• What you have to do
Write the entries out again in full and unchanged, dropping every image.

• Data excerpts
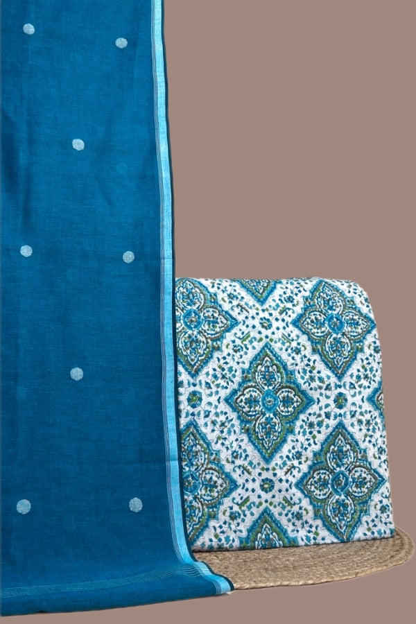 2.5mtr Each – Handloom Cotton Dupatta with HandBlock Printed Pure Soft Cotton Top Fabric Set
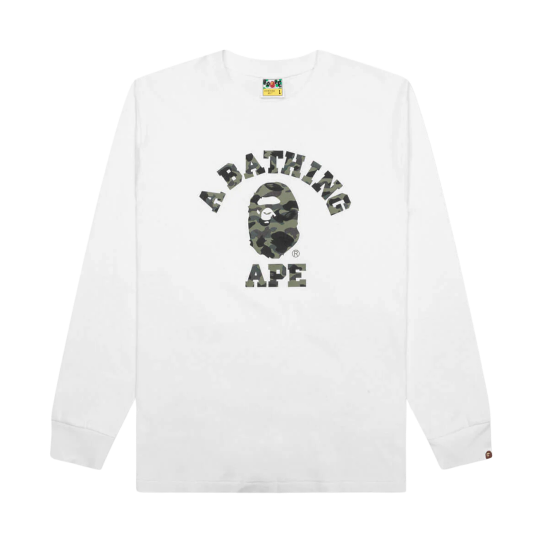 베이프 퍼스트 카모 컬리지 롱슬리브 티셔츠 화이트
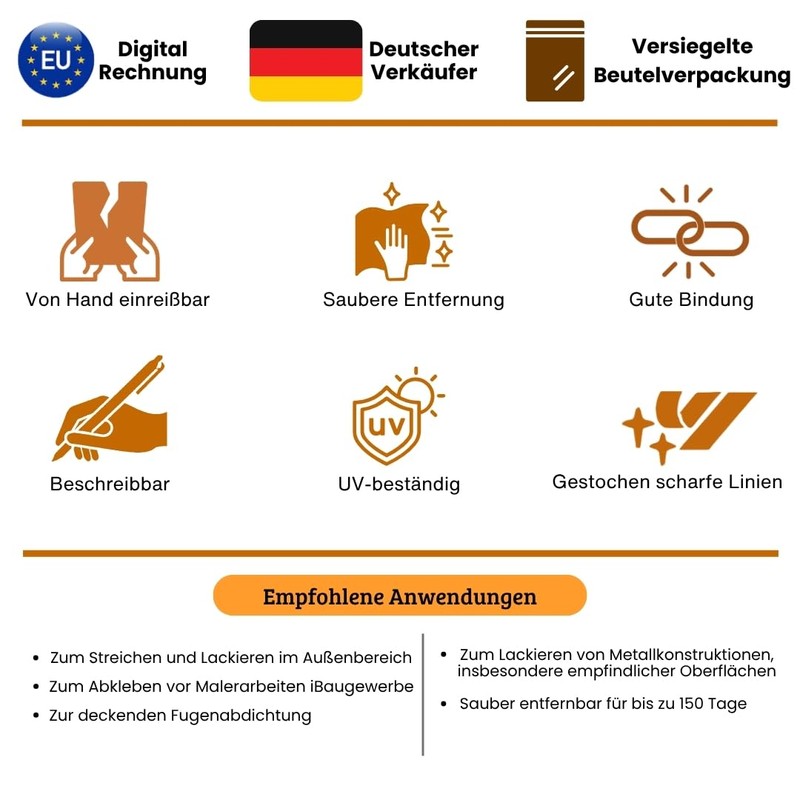 - Suitable for demanding painting work: the crepe masking tape is easy to use and ideal for professional painting work - solvent-free and environmentally friendly
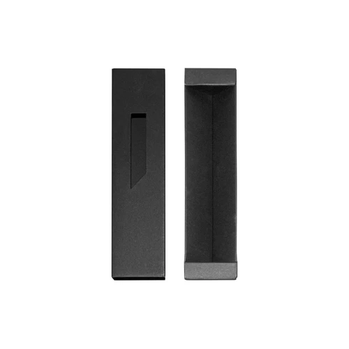 18 x 4 x 2 cm. Cartón. Estuche para un bolígrafo. Dos piezas de cartón: una base para guardar el bolígrafo y el estuche exterior con abertura para ver el interior.
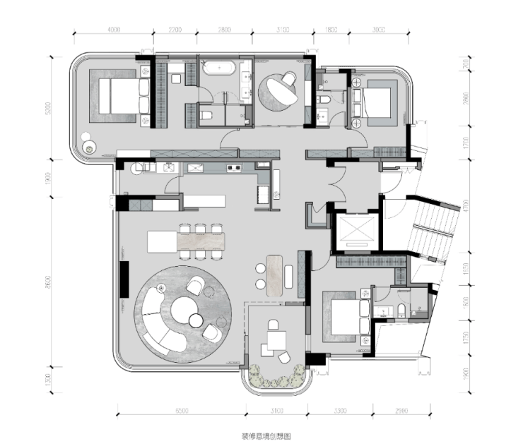 作为项目旗舰户型,253㎡重点实现私人领域与公共空间的彻底分离,满足高端客群对专属空间的需求。
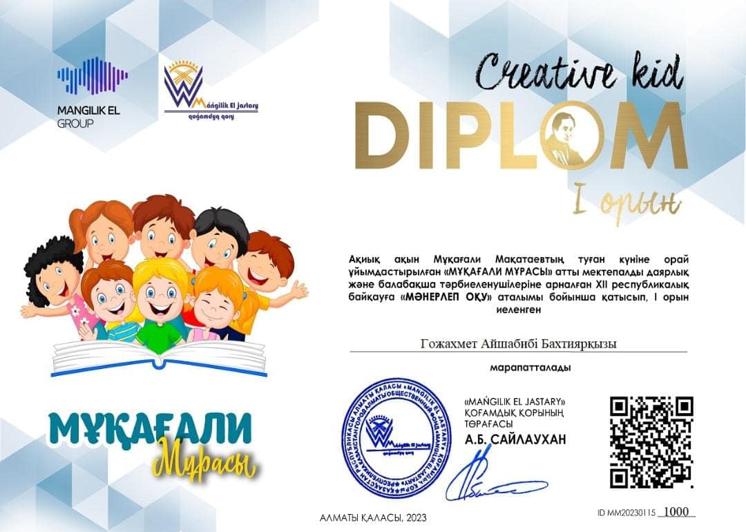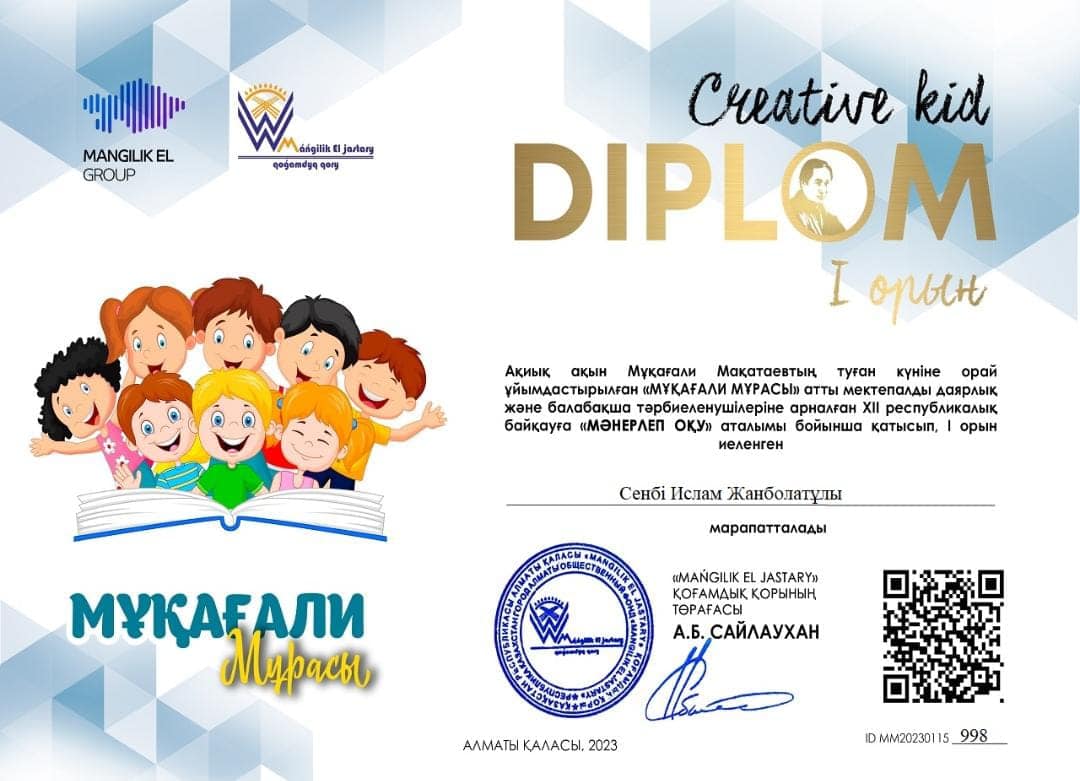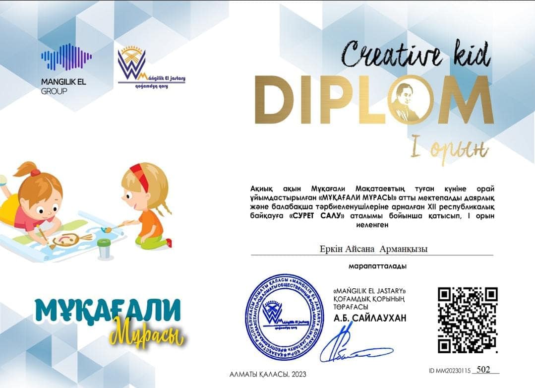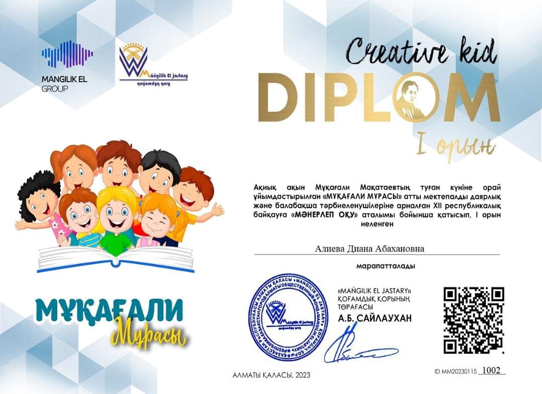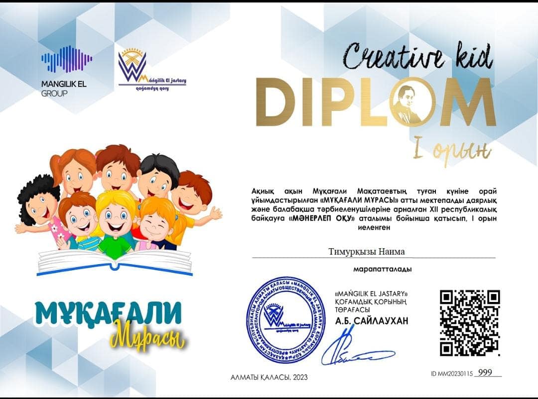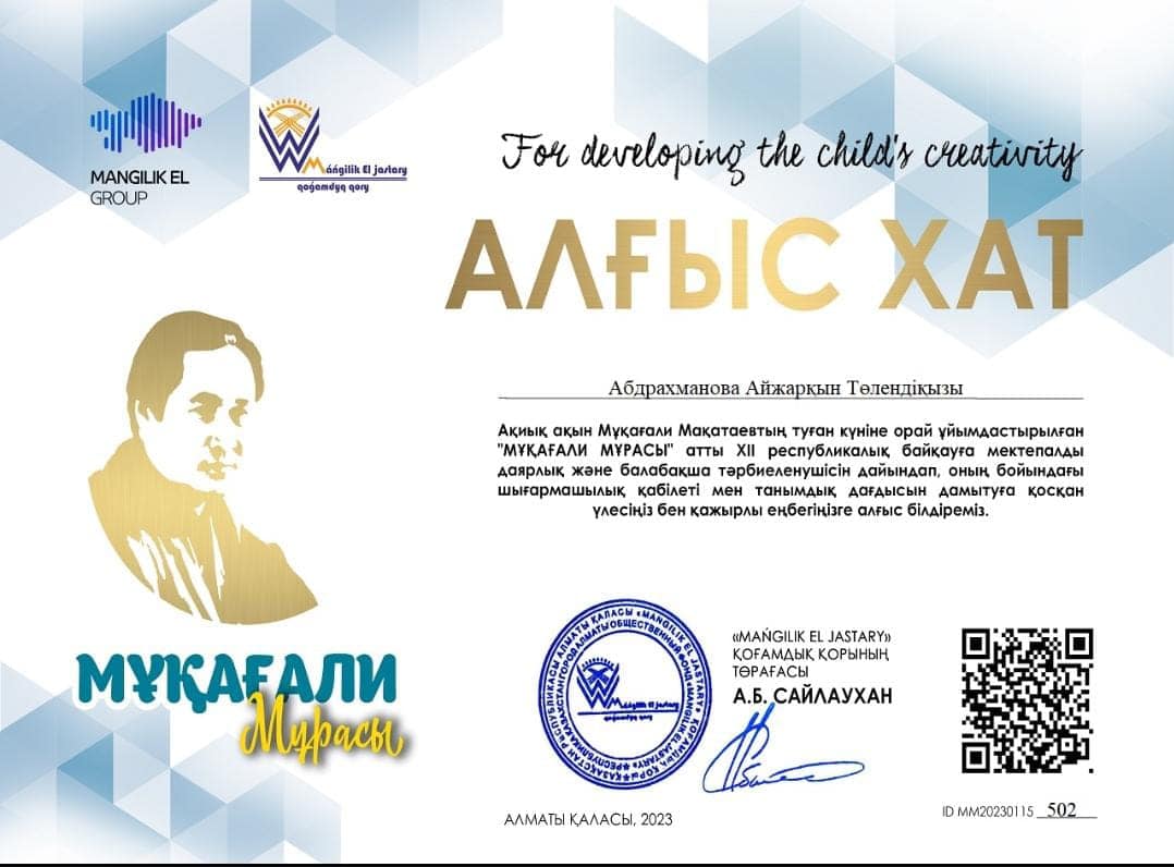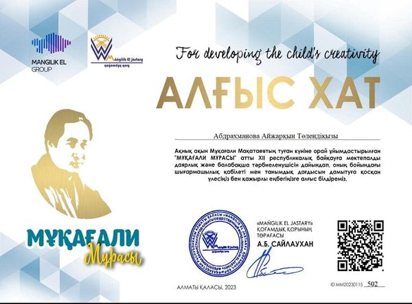 Мұқағали Мұқатаевтың шығармашылығын бүлдіршіндердің арасында насихаттау және өлең оқуға ынтасы мен талабын ашу, көркемдік шеберлікті шыңдау барысында және МҰҚАҒАЛИ МҰҚАТАЕВТЫҢ туған күніне орай ұйымдастырылған "Мұқағали Мұрасы" атты мектепалды даярлық және балабақша тәрбиеленушілеріне арналған Республикалық байқауға "Мәнерлеп оқу" аталымы бойынша Балбөбек"тобының тәрбиеленушілері: Сембі Ислам Жанболатұлы, Алиева Диана Абахановна, Гожахмет Айшабибі Бахтиярқызы, Тимутрқызы Наима, Еркін Айсана Арманқызы қатысып 1 орын иегерлері атанды. Құттықтаймыз Тәрбиешісі:Абдрахманова Айжарқын Төлендіқызы. Әдіскері: Жаменкенова Меруерт Есенбековна.
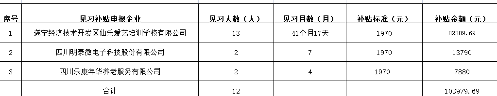 根据遂人社办发[2018]79号关于加强高校毕业生就业见习工作的通知,现将就业见习补贴发放情况予以公示。补贴企业3家,补贴资金103979.69元,补贴人数12人,如有情况反映,请12月31日前与遂宁经济技术开发区劳动保障与民政事务局联系。
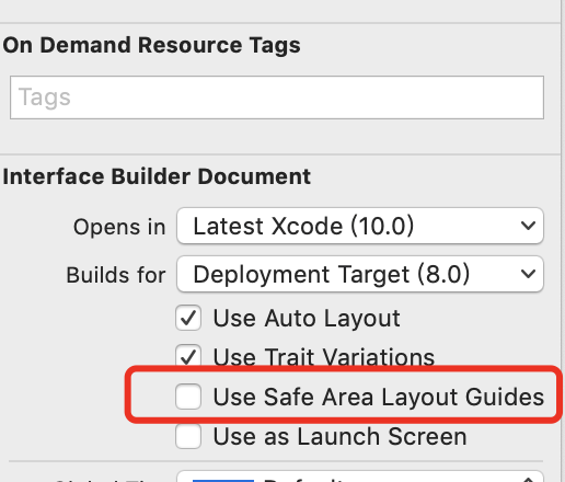 Safe Area Layout Guide before iOS 9.0 [12] 剑客十八 2019-05-04 979 阅读1分钟 应公司要求,最近开始用swift来写项目,但今天莫名其妙报了个错误,如下:解决方案:去掉勾选safe Area Layout Guides
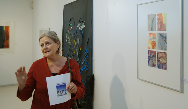 Renate Stolz mit ihrer Arbeit „Durchbrechen der Farbharmonie“
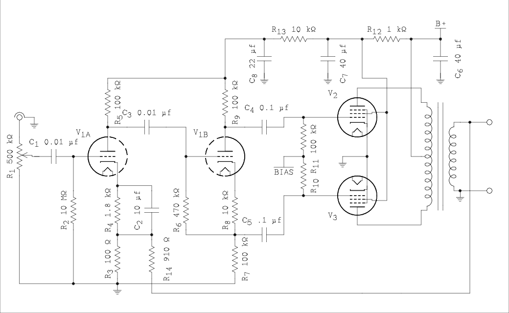 A single ended amplifier is about as simple as it gets. A typical example of a musical instrument amplifier is shown in Figure 8.3.
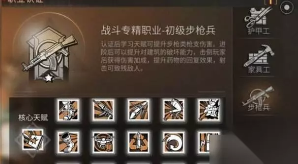 明日之后适合自己的职业是提升游戏体验的关键。目前游戏中有三大类职业:采集、制作和战斗,每个大类下又有细分职业,比如采集类包括伐木工、挖矿工和采麻工,制作类有枪械工、护甲工和家具工,战斗类则分为步枪兵、武士和狙击手等。新手玩家在15级后可以自由选择职业,注意职业一旦选定需要花费金条才能重置。下面和233乐园小编一起来看看吧

• Exercise output
 2.5mtr Each – Handloom Cotton Dupatta with HandBlock Printed Pure Soft Cotton Top Fabric Set
 베이프 퍼스트 카모 컬리지 롱슬리브 티셔츠 화이트
 - Suitable for demanding painting work: the crepe masking tape is easy to use and ideal for professional painting work - solvent-free and environmentally friendly
 18 x 4 x 2 cm. Cartón. Estuche para un bolígrafo. Dos piezas de cartón: una base para guardar el bolígrafo y el estuche exterior con abertura para ver el interior.
 作为项目旗舰户型,253㎡重点实现私人领域与公共空间的彻底分离,满足高端客群对专属空间的需求。
 Мұқағали Мұқатаевтың шығармашылығын бүлдіршіндердің арасында насихаттау және өлең оқуға ынтасы мен талабын ашу, көркемдік шеберлікті шыңдау барысында және МҰҚАҒАЛИ МҰҚАТАЕВТЫҢ туған күніне орай ұйымдастырылған "Мұқағали Мұрасы" атты мектепалды даярлық және балабақша тәрбиеленушілеріне арналған Республикалық байқауға "Мәнерлеп оқу" аталымы бойынша Балбөбек"тобының тәрбиеленушілері: Сембі Ислам Жанболатұлы, Алиева Диана Абахановна, Гожахмет Айшабибі Бахтиярқызы, Тимутрқызы Наима, Еркін Айсана Арманқызы қатысып 1 орын иегерлері атанды. Құттықтаймыз Тәрбиешісі:Абдрахманова Айжарқын Төлендіқызы. Әдіскері: Жаменкенова Меруерт Есенбековна.
 根据遂人社办发[2018]79号关于加强高校毕业生就业见习工作的通知,现将就业见习补贴发放情况予以公示。补贴企业3家,补贴资金103979.69元,补贴人数12人,如有情况反映,请12月31日前与遂宁经济技术开发区劳动保障与民政事务局联系。
 Safe Area Layout Guide before iOS 9.0 [12] 剑客十八 2019-05-04 979 阅读1分钟 应公司要求,最近开始用swift来写项目,但今天莫名其妙报了个错误,如下:解决方案:去掉勾选safe Area Layout Guides
 Renate Stolz mit ihrer Arbeit „Durchbrechen der Farbharmonie“
 A single ended amplifier is about as simple as it gets. A typical example of a musical instrument amplifier is shown in Figure 8.3.
 明日之后适合自己的职业是提升游戏体验的关键。目前游戏中有三大类职业:采集、制作和战斗,每个大类下又有细分职业,比如采集类包括伐木工、挖矿工和采麻工,制作类有枪械工、护甲工和家具工,战斗类则分为步枪兵、武士和狙击手等。新手玩家在15级后可以自由选择职业,注意职业一旦选定需要花费金条才能重置。下面和233乐园小编一起来看看吧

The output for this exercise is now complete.